Problem description: Output the lines of the records below exactly, beginning at their first line and ending at the line with "De Vibieffe modern"; include no pictures.
*** Record extracts ***
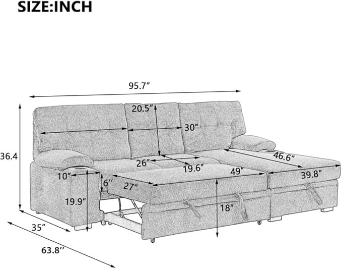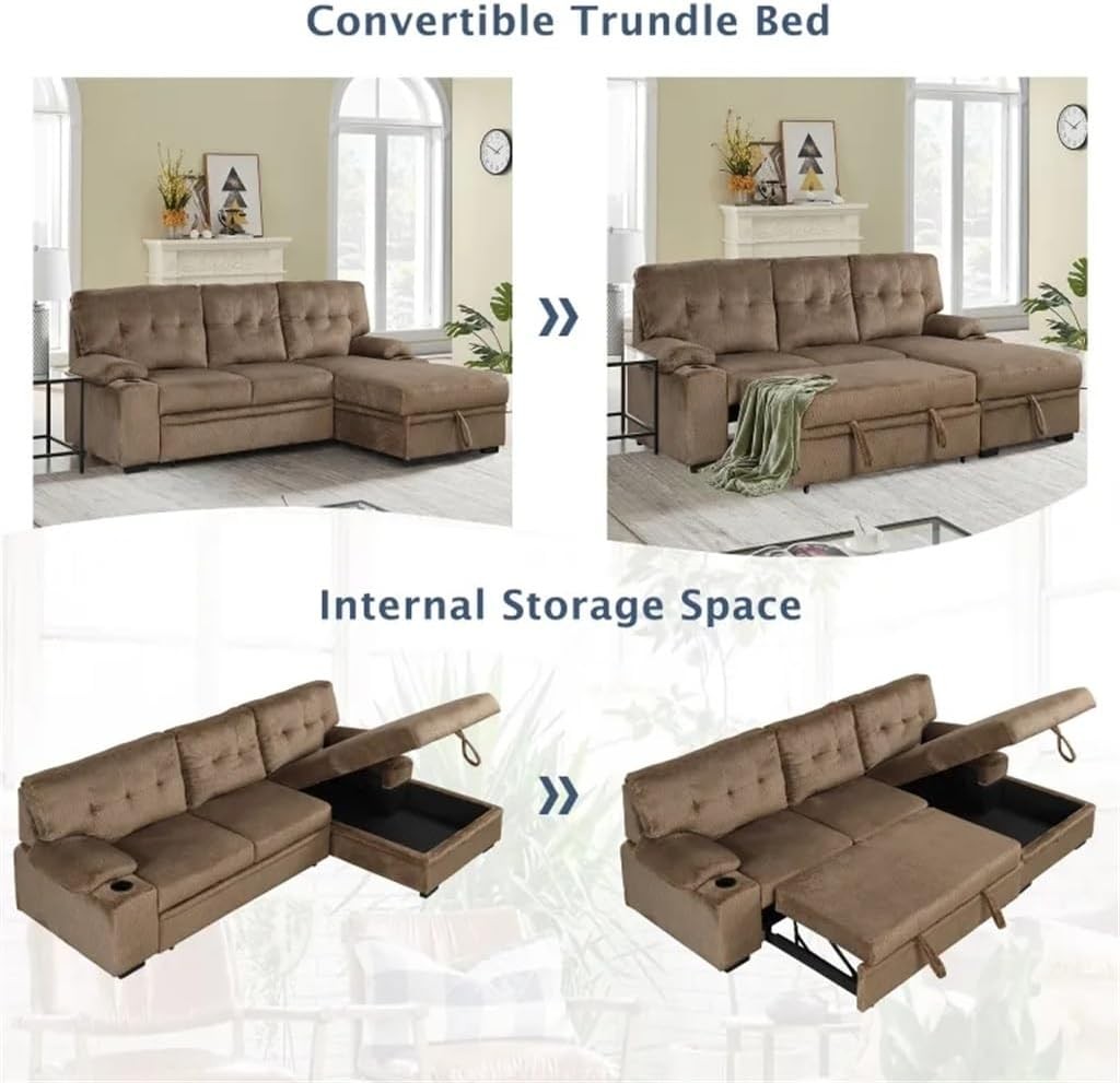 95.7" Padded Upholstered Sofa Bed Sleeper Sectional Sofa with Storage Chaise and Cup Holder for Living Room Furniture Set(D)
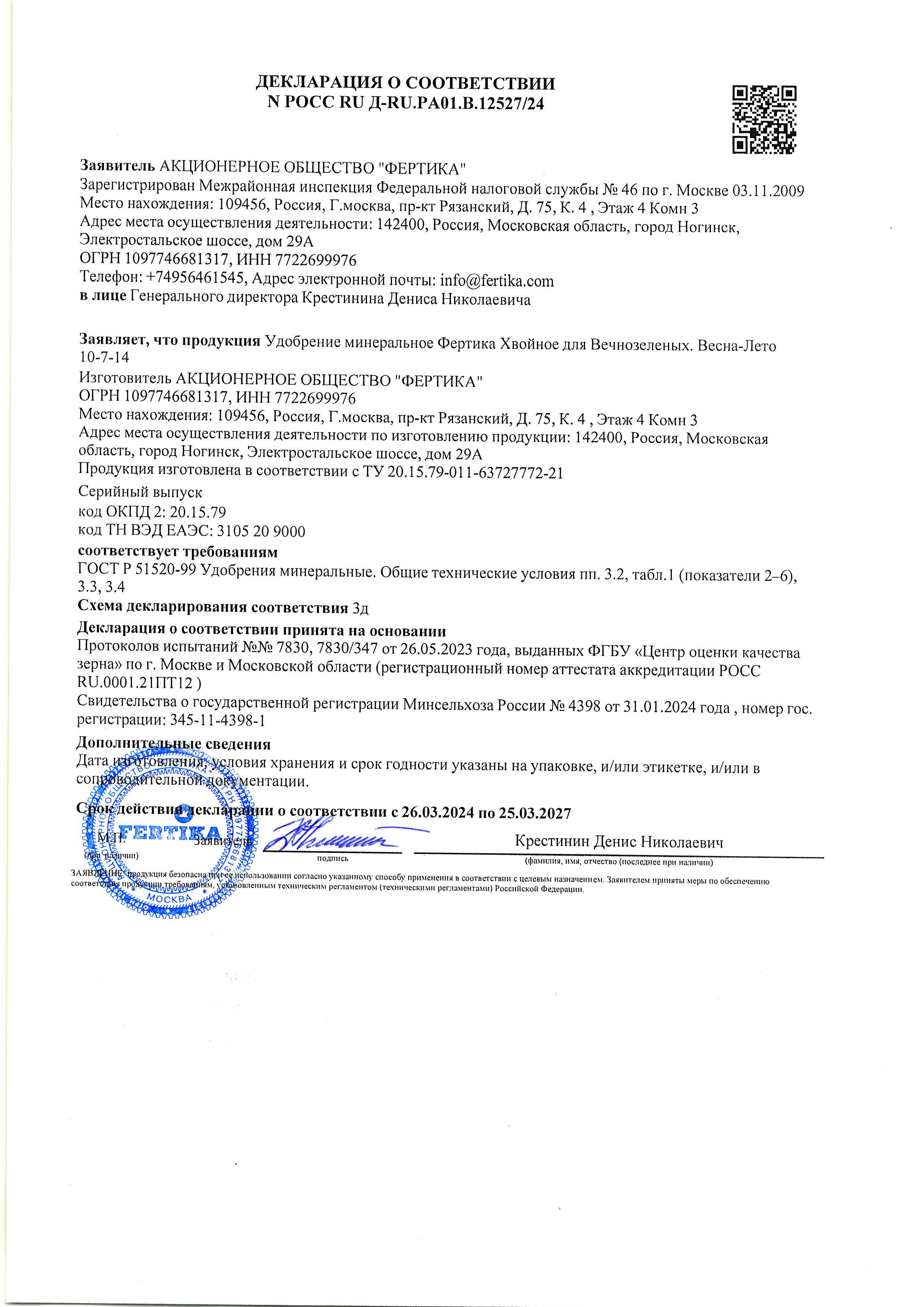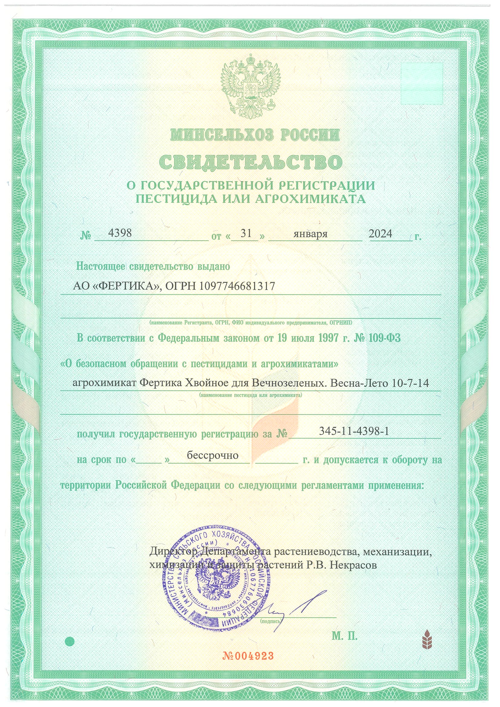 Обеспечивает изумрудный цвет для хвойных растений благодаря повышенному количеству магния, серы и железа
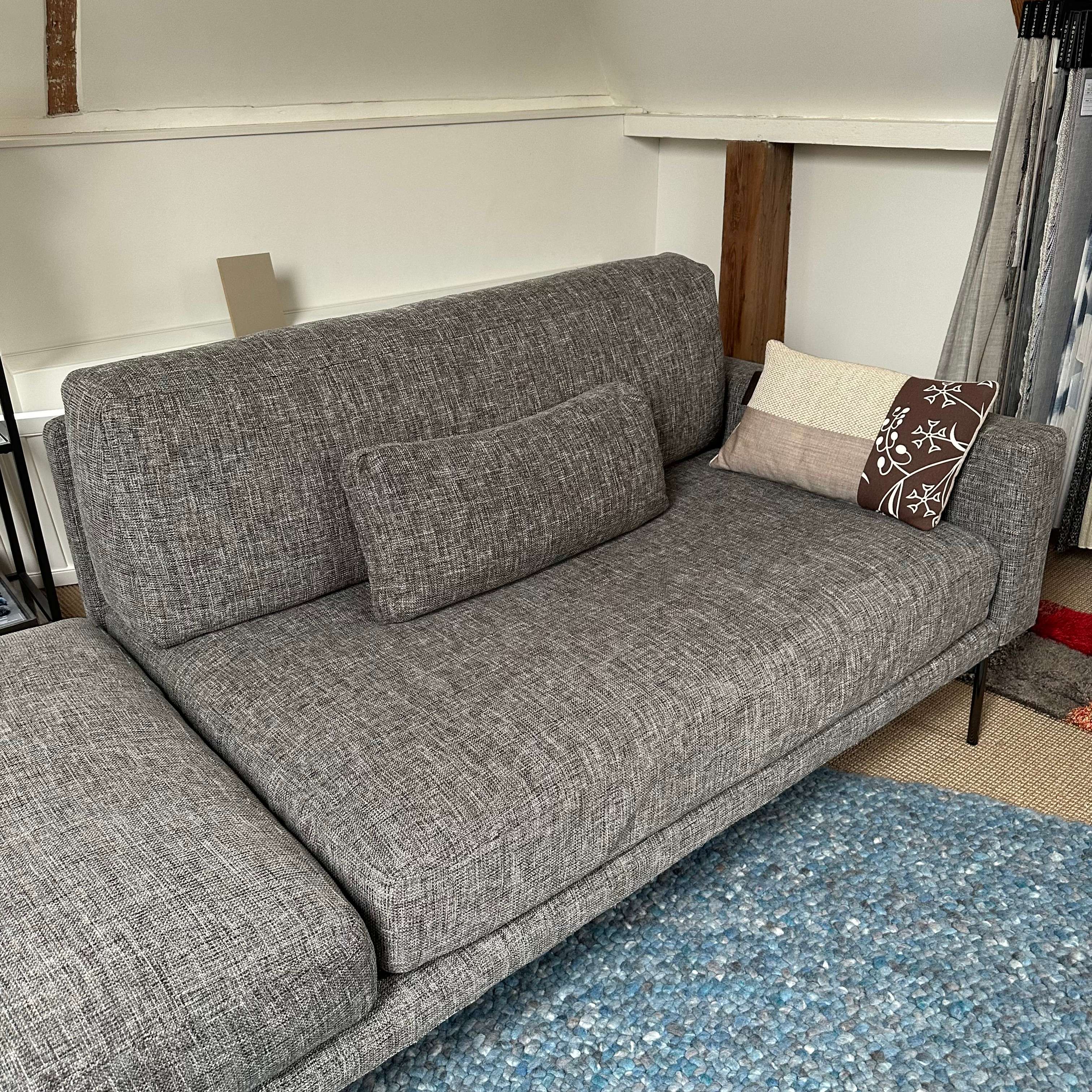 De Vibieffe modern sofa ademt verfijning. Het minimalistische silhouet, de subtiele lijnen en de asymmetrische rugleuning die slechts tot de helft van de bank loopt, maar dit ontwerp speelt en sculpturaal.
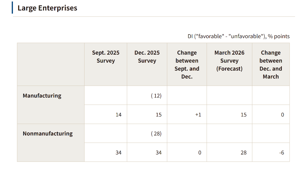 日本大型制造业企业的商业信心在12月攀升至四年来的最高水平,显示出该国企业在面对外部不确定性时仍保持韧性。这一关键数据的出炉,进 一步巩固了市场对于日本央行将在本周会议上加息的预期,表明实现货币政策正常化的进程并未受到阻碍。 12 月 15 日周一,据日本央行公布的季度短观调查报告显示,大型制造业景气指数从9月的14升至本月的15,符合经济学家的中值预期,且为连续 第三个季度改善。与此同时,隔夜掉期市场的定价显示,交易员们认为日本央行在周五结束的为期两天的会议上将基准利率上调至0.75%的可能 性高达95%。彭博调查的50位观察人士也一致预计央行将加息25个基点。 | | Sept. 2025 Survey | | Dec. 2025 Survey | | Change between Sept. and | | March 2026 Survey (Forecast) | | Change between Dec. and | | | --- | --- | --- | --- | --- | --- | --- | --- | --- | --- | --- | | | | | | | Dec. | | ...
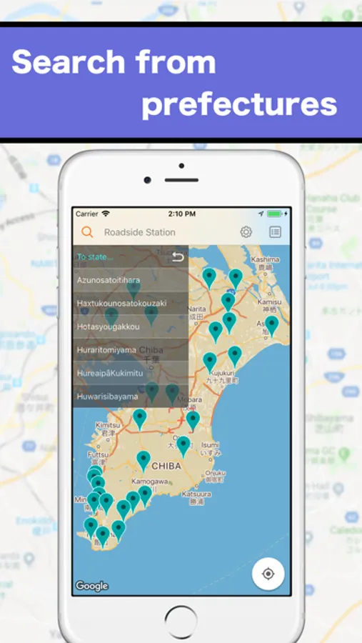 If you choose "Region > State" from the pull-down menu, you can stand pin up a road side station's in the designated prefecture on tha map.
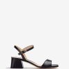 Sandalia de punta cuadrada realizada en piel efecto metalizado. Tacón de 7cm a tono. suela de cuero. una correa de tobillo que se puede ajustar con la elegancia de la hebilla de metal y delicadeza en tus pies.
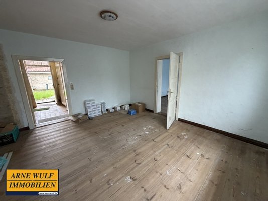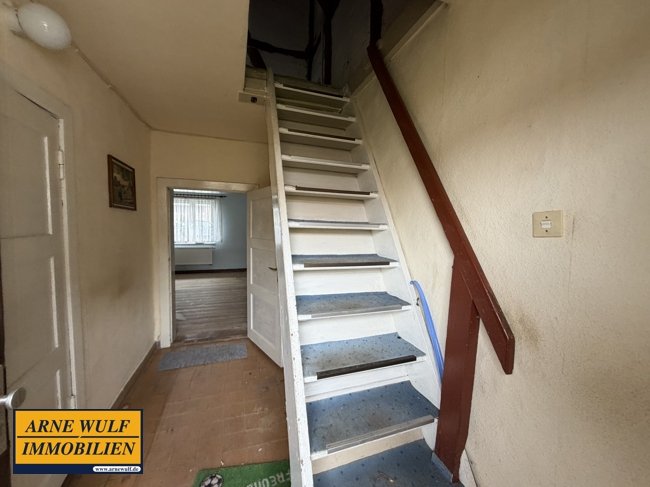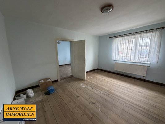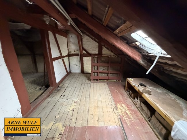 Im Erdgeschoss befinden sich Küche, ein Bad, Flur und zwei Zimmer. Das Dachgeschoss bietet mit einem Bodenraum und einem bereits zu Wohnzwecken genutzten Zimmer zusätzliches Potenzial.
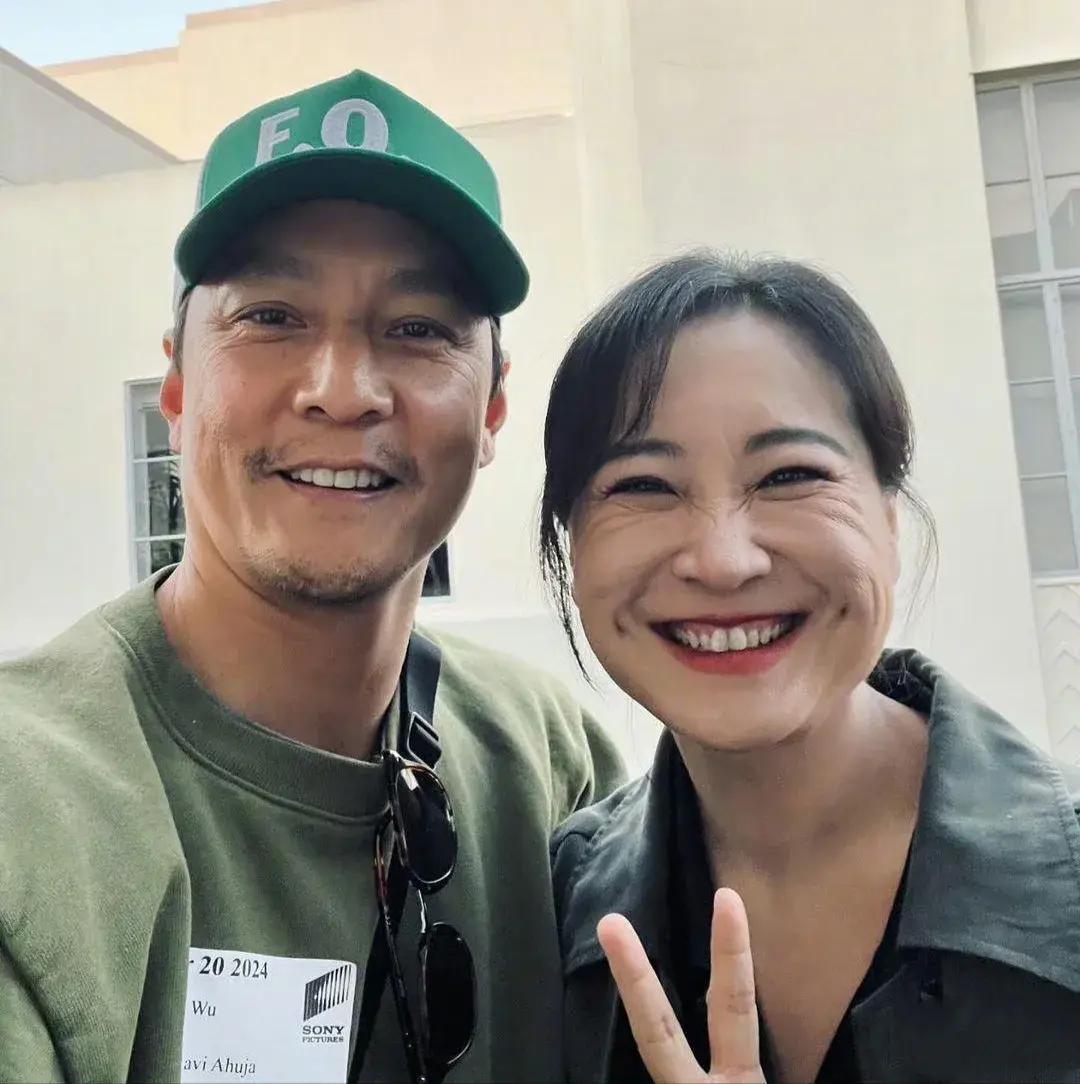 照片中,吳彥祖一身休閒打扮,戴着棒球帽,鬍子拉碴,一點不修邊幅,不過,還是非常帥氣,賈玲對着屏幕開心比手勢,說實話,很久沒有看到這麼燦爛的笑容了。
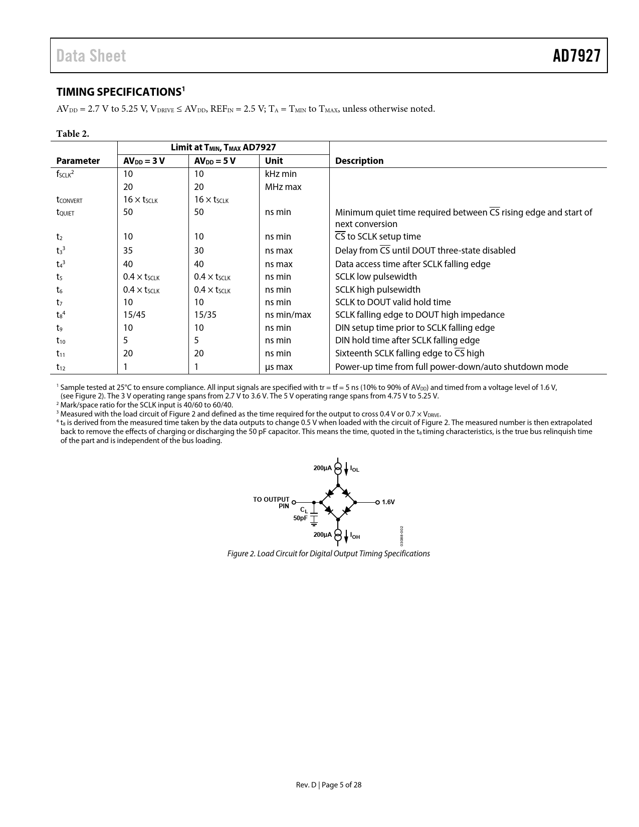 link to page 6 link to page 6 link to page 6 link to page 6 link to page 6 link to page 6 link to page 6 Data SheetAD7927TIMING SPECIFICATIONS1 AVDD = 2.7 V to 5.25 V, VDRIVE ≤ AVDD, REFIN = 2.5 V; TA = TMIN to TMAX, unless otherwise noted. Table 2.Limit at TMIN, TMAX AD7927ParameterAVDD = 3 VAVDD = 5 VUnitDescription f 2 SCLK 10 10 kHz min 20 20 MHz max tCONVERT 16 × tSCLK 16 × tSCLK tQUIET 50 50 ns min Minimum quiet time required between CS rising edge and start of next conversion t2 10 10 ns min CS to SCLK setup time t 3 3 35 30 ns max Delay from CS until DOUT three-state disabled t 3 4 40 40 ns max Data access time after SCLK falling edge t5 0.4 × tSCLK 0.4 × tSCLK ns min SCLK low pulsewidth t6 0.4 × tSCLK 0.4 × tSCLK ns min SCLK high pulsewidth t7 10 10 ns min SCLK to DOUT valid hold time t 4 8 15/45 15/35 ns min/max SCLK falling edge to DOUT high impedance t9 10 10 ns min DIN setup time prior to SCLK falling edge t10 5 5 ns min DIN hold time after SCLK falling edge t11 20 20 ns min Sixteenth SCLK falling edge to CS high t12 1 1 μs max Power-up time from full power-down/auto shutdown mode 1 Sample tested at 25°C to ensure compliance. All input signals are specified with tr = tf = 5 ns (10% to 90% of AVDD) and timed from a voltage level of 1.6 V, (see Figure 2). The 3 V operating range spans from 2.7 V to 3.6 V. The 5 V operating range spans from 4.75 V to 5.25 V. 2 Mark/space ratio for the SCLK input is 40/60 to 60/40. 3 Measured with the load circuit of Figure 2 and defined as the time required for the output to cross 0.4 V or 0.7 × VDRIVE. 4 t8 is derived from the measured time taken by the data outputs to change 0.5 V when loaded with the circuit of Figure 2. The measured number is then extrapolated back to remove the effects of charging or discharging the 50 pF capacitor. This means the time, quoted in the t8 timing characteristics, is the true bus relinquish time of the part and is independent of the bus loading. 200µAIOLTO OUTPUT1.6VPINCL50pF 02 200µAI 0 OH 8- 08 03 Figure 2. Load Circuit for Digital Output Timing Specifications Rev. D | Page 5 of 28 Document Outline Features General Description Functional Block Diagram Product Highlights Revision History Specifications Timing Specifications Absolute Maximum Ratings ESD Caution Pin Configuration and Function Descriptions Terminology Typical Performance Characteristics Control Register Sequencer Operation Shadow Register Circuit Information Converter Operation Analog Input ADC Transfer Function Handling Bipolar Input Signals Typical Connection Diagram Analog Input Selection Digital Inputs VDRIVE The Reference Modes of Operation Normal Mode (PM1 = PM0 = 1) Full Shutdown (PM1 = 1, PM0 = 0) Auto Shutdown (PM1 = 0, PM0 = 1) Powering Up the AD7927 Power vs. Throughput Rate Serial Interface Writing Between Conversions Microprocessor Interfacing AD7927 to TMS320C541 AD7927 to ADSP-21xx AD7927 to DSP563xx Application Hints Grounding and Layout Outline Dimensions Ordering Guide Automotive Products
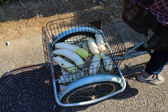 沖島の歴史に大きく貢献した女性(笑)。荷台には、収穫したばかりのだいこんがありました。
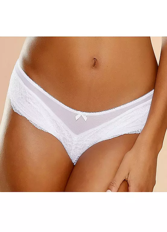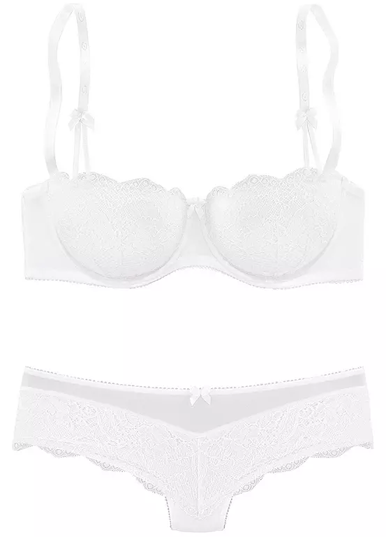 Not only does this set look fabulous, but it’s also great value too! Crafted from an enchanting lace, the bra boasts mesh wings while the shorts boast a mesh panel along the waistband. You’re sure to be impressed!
***
Result of the exercise:
 95.7" Padded Upholstered Sofa Bed Sleeper Sectional Sofa with Storage Chaise and Cup Holder for Living Room Furniture Set(D)
 Обеспечивает изумрудный цвет для хвойных растений благодаря повышенному количеству магния, серы и железа
 De Vibieffe modern sofa ademt verfijning. Het minimalistische silhouet, de subtiele lijnen en de asymmetrische rugleuning die slechts tot de helft van de bank loopt, maar dit ontwerp speelt en sculpturaal.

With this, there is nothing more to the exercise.